I strongly urge you to support the bipartisan "Internet Radio Equality Act of 2007."
Other than the occasional non-commercial usually college radio stations, internet radio is the only alternative radio to which I have access.
Let me give you an example from my favorite band (improbably named Eek-A-Mouse). In one song, the band patches in parts of Dr. King's "I Had A Dream" speech. The words of Dr. King are clearly his own; the song though is unique (but similar in spirit to the thoughts expressed in Dr. King's speech). Nowhere on commercial radio can I hear music like that: I value both the theme of the song and the music itself (again, nowhere on commercial radio can I hear music from bands like Eek-A-Mouse).
The stringent royalties currently being pushed by RIAA et. al. threaten my access--everyone's access--to alternative music, to alternative thoughts, to alternative world views. The United States of America, it is said, would not exist had it not been for the words--the freely given words--of a Mr. Thomas Paine; indeed, it is said that General Washington and his troops would not have made it through that first winter at Valley Forge were it not for Paine's alternative voice, his perspective.
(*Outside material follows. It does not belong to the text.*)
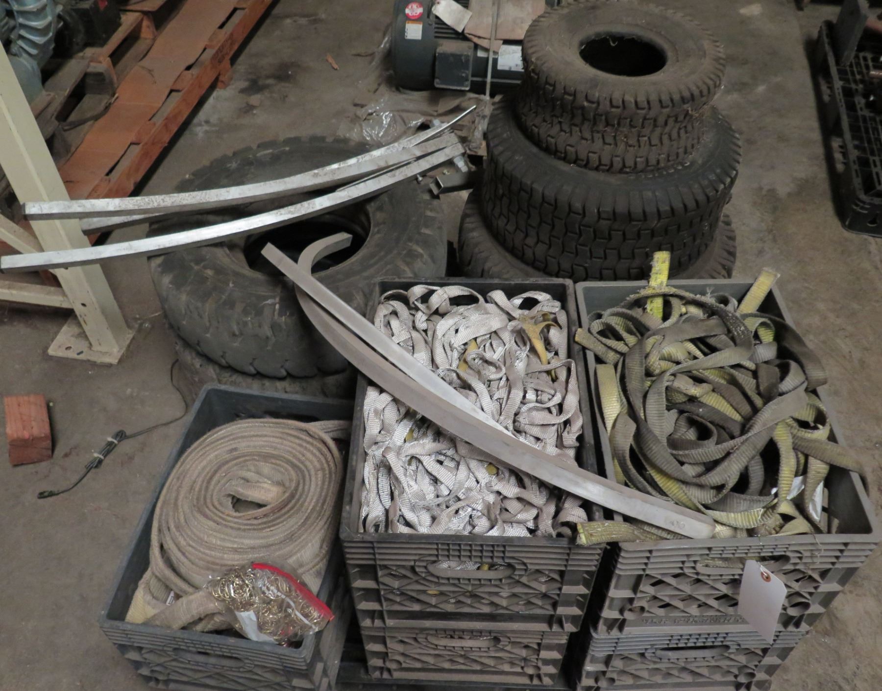 Contents of Pallet: Hose, Straps, Fittings & Tires, Misc Sizes

Would the world be a better place had the revolution in America not occurred? Although these are serious times, I think--hope--not. I believe it was American essayist Ralph Waldo Emerson who said that an institution is the lengthened shadow of one man: let the light shine freely in this country, as it once did and could do again. Let not human thought and opinion become, as it increasingly is, in this country, the lengthened shadow of one or two major media conglomerates.